The new museum includes 35% more space for visitors, twice as many bathrooms (thank you!), additional and larger elevators, a new café and coffee bar (must have coffee!), and 10 all new exhibits.
While all of the new amenities and exhibits are fun and engaging, one exhibit is near and dear to my heart: Our World. My kids and I loved the original Our World exhibit and this renovated version offers even more to love and appreciate.
The new Our World exhibit is designed to represent a vibrant Minnesota city with a fire station, post office, hardware store, food stand, and park. It allows visitors to step inside a familiar-feeling town and assume the different roles and responsibilities that are a part of making and keeping a healthy and vibrant community.
But what I love most about this exhibit are the endless opportunities for literacy and language development. As a Youth Services Librarian, I’m naturally passionate about books, reading, and early literacy development. I spend my days selecting books for children to fall in love with, planning educational programs for children to learn new things, presenting lively storytimes to get kids excited about reading, and empowering parents and caregivers to help their child get ready to read by singing, reading, writing, talking and PLAYING with them every day.
“Dramatic play helps children think symbolically: a stick becomes a sword or a magic wand or even a fire hose, a box becomes a car, a playmate becomes an astronaut exploring space.”
The different dramatic play centers in the Our World exhibit will spark conversations and role playing between the children and caregivers, all while building important language and symbolic thinking skills.
Dramatic play helps children think symbolically: a stick becomes a sword or a magic wand or even a fire hose, a box becomes a car, a playmate becomes an astronaut exploring space. When children are learning how to read they use this same symbolic thinking process; a child knows that the picture of an apple isn’t the real apple, just as they know the word “apple” isn’t the real apple. But they understand that they represent the real apple using symbolic thinking.
Dramatic play also helps develop narrative skills as children make up stories about what they’re doing. This helps them understand that stories happen in an order: first, next, last.
And play lends itself to so many opportunities to TALK! While playing, parents/caregivers are talking about what they are doing, describing the toys they are playing with, role playing different situations, and introducing new vocabulary.

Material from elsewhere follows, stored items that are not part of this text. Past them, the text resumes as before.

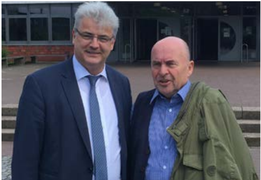
Rainer Eppelmann , Vorsitzender der Bundestiftung zur Aufarbeitung der SED-Diktatur, mit Axel Knoerig von der Arbeitnehmergruppe ( links )

Mit Erfolg hat sich die Arbeitnehmergruppe für eine Aufstockung der Mittel für die Bundestiftung zur Aufarbeitung der SED-Diktatur im Bundeshaushalt 2020 um 1,4 Millionen Euro auf 6 Millionen Euro eingesetzt.
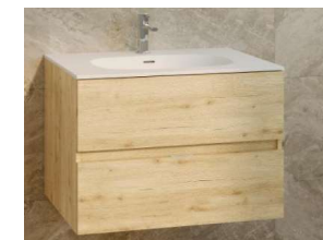
modelo SMART de 1 Y 2 cajones + lavabo KRION
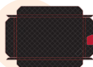
Housse de protection amovible COV-55
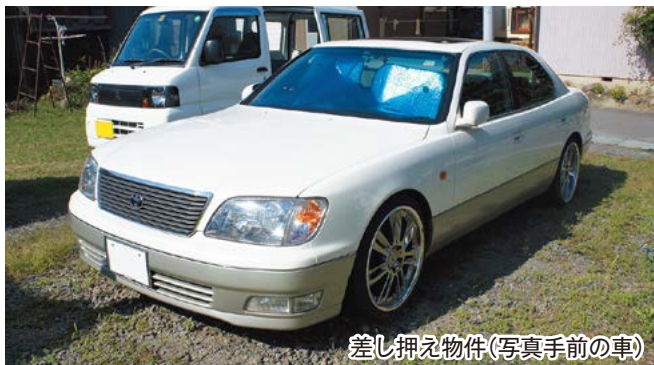
差し押え物件(写真手前の車)

その他にも、差し押えの対象としている財産は、預貯金や給与、生命保険などがあります。平成26年度には1,784件の差し押えを行い、約1億7,002万円が滞納市税に充てられました。
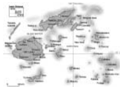
Les aéroports de Nadi et Nausori, tous deux situés sur l'île de Viti Levu, devraient retrouver en 2002 le niveau de trafic de 1999.

Après la mise en place d'un nouveau système de gestion du trafic aérien aux îles Fidji, les aéroports internationaux de Nadi et de Nausori ont entamé des travaux de rénovation en juin 2002. Objectif poursuivi : améliorer le trafic passagers et créer de nouvelles activités commerciales. Sur l'aéroport international de Nadi, plusieurs réalisations sont en cours, comme l'installation de nouveaux comptoirs d'enregistrement, de tapis bagages, d'une nouvelle signalétique et la réfection de la tour de contrôle. Du côté de Nausori, il s'agit de construire une nouvelle tour de contrôle et une caserne de pompiers. Le plan mis en oeuvre par le consortium de l'aéroport de Singapour prévoit l'achèvement des travaux pour les jeux du Pacifique Sud en juin 2003. En effet, à cette occasion, un grand nombre de visiteurs est attendu. Fidji se remet peu à peu de ses troubles politiques récents. Les deux aéroports devraient retrouver cette année un trafic égal à celui de l'année 1999, quand un million de passagers transitaient par Nadi et plus de 50 000 par Nausori. Le premier ministre local espère que l'expansion de ces aéroports attirera plus de visiteurs, et favorisera également l'investissement.

Play is so much more than just having fun. Fred Rogers perhaps said it best when he remarked that:
“Play is often talked about as if it were a relief from serious learning. But for children play is serious learning. Play is really the work of childhood.”
Play on Minnesota!
Dawn LaBrosse is a Play Advocate for the Minnesota Children’s Museum, Youth Services Coordinator for Washington County Library, and mother of two play enthusiast kids (Benjamin, 6 and Annabelle, 4).